パキスタン国際航空の旅客機がカラチの住宅街に墜落、76人の死亡が確認された

アッラーマ・イクバール国際空港を離陸したパキスタン国際航空のPK8303便がカラチの住宅街に墜落した。91人の乗客と8人の乗務員を乗せた”エアバスA320”は、同国市内のジンナ国際空港に着陸を試みていた。

同便は高度を徐々に下げ空港への着陸を試みるも、一度高度を上げ旋回、メーデーコールを発し墜落した。当局によると、現時点で少なくとも乗員二名の生存が確認されている。

PK8303便は、現地時間14:30頃にジンナ国際空港へ接近した。管制室から着陸の許可を与えられていたが、パイロットはこれを中止、体勢を立て直したのち、再着陸を試みることが決まったという。

1回目の着陸を中止した理由は不明。民間航空関係者はロイター通信に対し、「機体は何らかの理由で車輪を下げる(出す)ことができなかったのかもしれない」と述べた。

パキスタンのメディアが公開した情報によると、PK8303便のパイロットは「エンジンを失った」と管制塔に伝え、メーデーコールを発信。パイロットから胴体着陸を行うと一報が入り、通信は途絶えた。

生存者のひとり、ムハンマド・ズバイル氏は、「着陸態勢に入ってから10分~15分後に墜落した。私を含め、乗客は飛行機が墜落しかけていることを理解していなかった。パイロットの操縦は非常にスムーズだった」と述べた。
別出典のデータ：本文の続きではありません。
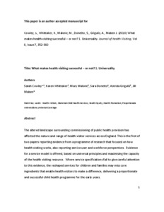 Cowley, Sarah, Whittaker, Karen orcid iconORCID: 0000-0002-3493-9396, Malone, Mary, Donetto, Sara, Grigulis, Astrida and Maben, Jill (2018) What makes health visiting successful – or not? 1. Universality. Journal of Health Visiting, 6 (7). pp. 352-360. ISSN 2050-8719

当局の調査官はブラックボックスを回収、同日設置された調査委員会が原因究明にあたるという。パキスタン国際空港関係者はBBCの取材に対し、「PK8303便、エアバスA320は2014年に納入され、昨年11月に耐空検査を通過した」と述べた。

崩壊した住宅街

今回の事故はコロナウイルスによるロックダウンが緩和され、商業便の運航が再開された数日後に発生した。同日、多くのパキスタン人が”ラマダン(断食)終了”の準備を自宅で行っていた。
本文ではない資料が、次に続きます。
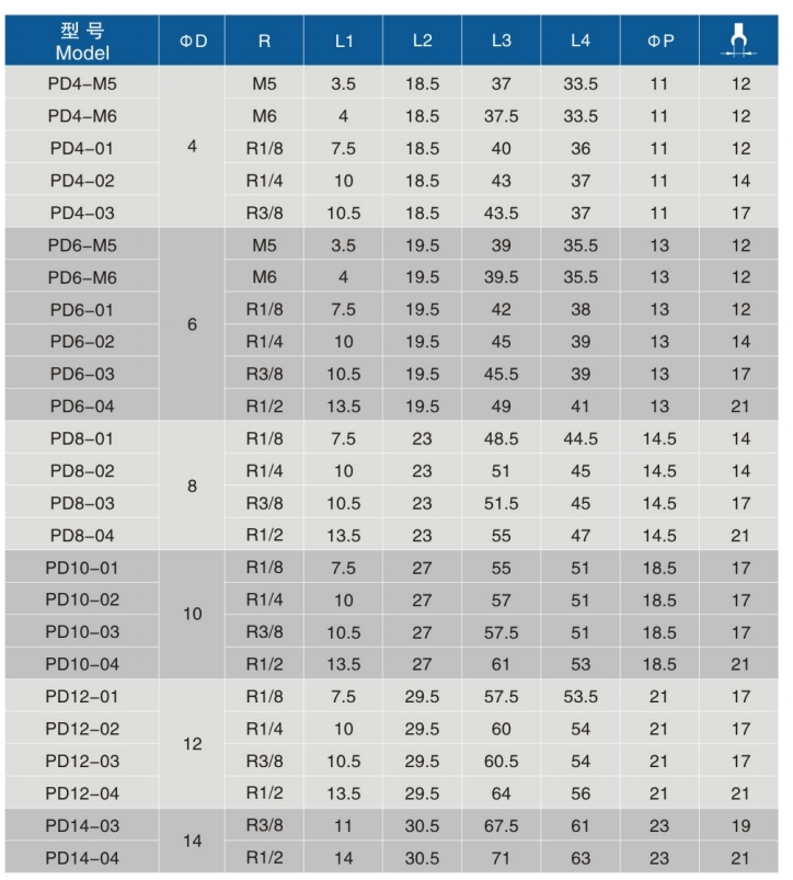 • 螺纹规格:M5、M6、R1/8、R1/4、R3/8、R1/2

PK8303便が墜落したモデル・コロニーの住宅街は、ジンナ国際空港滑走路の東側に位置する。墜落の衝撃と同便から放出されたジェット燃料により、車は溶け、巻き込まれた家屋は崩壊した。

生存者のムハンマド・ズバイル氏は「墜落時、あらゆる方向から悲鳴が聞こえた。しかし、周囲を見回しても人の姿は見えず、全てが炎に包まれていた。私はシートベルトを外し、近くの明かりに向かって歩いた。そして炎や燃える残骸から身を守るために、約3m下に飛び降りた」と語った。

墜落後の様子を目撃したモハメッド・ウゼイルカーン氏はBBCの取材に対し、「大きな音がしたので自宅を出たら、4つの住宅が崩壊し、あたり一面火の海になっていた。巻き込まれた人々は、皆、私の隣人だった」と述べた。

保健当局は、ジンナ病院とシビック病院でこれまでに76人の死亡が確認されたと公表した。ただし、乗客、乗務員、住宅街の住人が何人犠牲になったかは調査中だという。

州政府の報道官によると、生存したもうひとりの乗客はパンジャブ銀行のザファール・マスッド氏だったという。同氏とズバイル氏はPK8303便の前方に座っていた。

同国のイムラン・カーン首相は、「辛く、そして悲しい。亡くなった人々に心からお悔やみ申し上げる」と述べ、即時の調査を約束した。

パキスタンで起きた墜落災害

2010年、民間航空会社エアブルーの運行する航空機がイスラマバード近くで墜落、乗員152人全員が死亡した。同事故はパキスタン史上最悪の被害を出した航空災害である。

2012年、ボージャエアの運行する”ボーイング737-200”がラーワルピンディーの空港に着陸すべく接近するも、悪天候の影響で墜落。乗客121人全員と乗員6人が死亡した。

2016年、パキスタン国際航空の運行する飛行機が、同国北部からイスラマバードへの飛行途中に爆発、47人が死亡した。